Currently I'm working with chat application using llama-cpp-python, and prompt eval time can be critical in large size model.
So, I want to utilize KV cache to shorten the evaluation.
I read documents and found some KV Cache manipulating APIs are provided by llama-cpp-python, but the explanation is barely detailed.

These are llama-cpp-python's KV Cache function family I'm still not sure how to use.

llama_kv_cache_view_cell
llama_kv_cache_view
llama_kv_cache_view_p
llama_kv_cache_view_init
llama_kv_cache_view_free
llama_kv_cache_view_update
llama_get_kv_cache_token_count
llama_get_kv_cache_used_cells
llama_kv_cache_clear
llama_kv_cache_seq_rm
llama_kv_cache_seq_cp
llama_kv_cache_seq_keep
llama_kv_cache_seq_add
llama_kv_cache_seq_div
llama_kv_cache_defrag
llama_kv_cache_update

I want ask you guys how I can tackle this problem.

Thank you.

yamikumo-DSD · 2024-05-19T07:57:56Z

yamikumo-DSD
May 19, 2024
Author

I guess i succeeded to implement things inspired by codes of a guy who implemented StreamingLLM with llama-cpp-python.
This is KV Cache manipulating method that manage context:

def kv_cache_seq_ltrim(
    model: llama_cpp.Llama, 
    n_keep: int, 
    n_discard: int,
):
    """
    Implementation comes from this GitHub repository:
        https://github.com/Limour-dev/llama-python-streamingllm/blob/main/llama_cpp_python_streamingllm.py
    
    Args:
        n_keep(int): number of first tokens to keep.
        n_discard(int) number of tokens to discard.
    Returns:
        None
    Schema:
          n_keep(3)  n_keep(3)+n_discard(3)
              |        |
    [0, 1, 2, 3, 4, 5, 6, 7, 8, 9] # Initial state.
    [0, 1, 2, -, -, -, 6, 7, 8, 9] # kv_cache_seq_rm
    [0, 1, 2, 6, 7, 8, 9] # kv_cache_seq_shift
    
    """
    n_tokens = model.n_tokens
    
    model._ctx.kv_cache_seq_rm(-1, n_keep, n_keep + n_discard)
    model._ctx.kv_cache_seq_shift(0, n_keep + n_discard, n_tokens, -n_discard)

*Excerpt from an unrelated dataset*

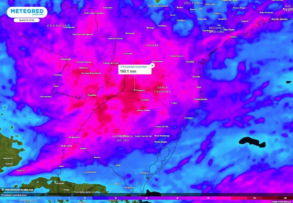 Até a manhã de domingo (15) a chuva dará uma pequena trégua à região Sul, com probabilidade de ocorrência de pancadas isoladas de chuvas no sudoeste do Paraná, oeste de Santa Catarina e noroeste do Rio Grande do Sul. Porém, a partir de segunda-feira (16), o processo de formação de uma baixa pressão ao sul do Uruguai e sua frente fria trará de volta os altos acumulados de chuva nos três estados da região Sul, pelo menos até a próxima semana.

    model.input_ids[n_keep:n_tokens - n_discard] = model.input_ids[n_keep + n_discard:n_tokens]
    model.n_tokens = n_tokens - n_discard

And This is the usage:

def push_context(item, auto_shift_kv: bool):
    """
    Args:
        item: new item to push.
        auto_shift_kv(bool): if true, shift KV-Cache and input_id if needed.
    Returns:
        None
    """
    if not auto_shift_kv or len(context) < MAXLEN:
        context.push(item)
        return

    # Context shifting.
    oldest_item = context[0]
    n_sys_ppt_tokens = len(tokenize(system_prompt)) + 1 # +1 for bos token.
    n_oldest_ctx_tokens = len(tokenize(item2str(oldest_item)))
    kv_cache_seq_ltrim(
        model=llama_model, 
        n_keep=n_sys_ppt_tokens,
        n_discard=n_oldest_ctx_tokens,
    )
    context.push(item)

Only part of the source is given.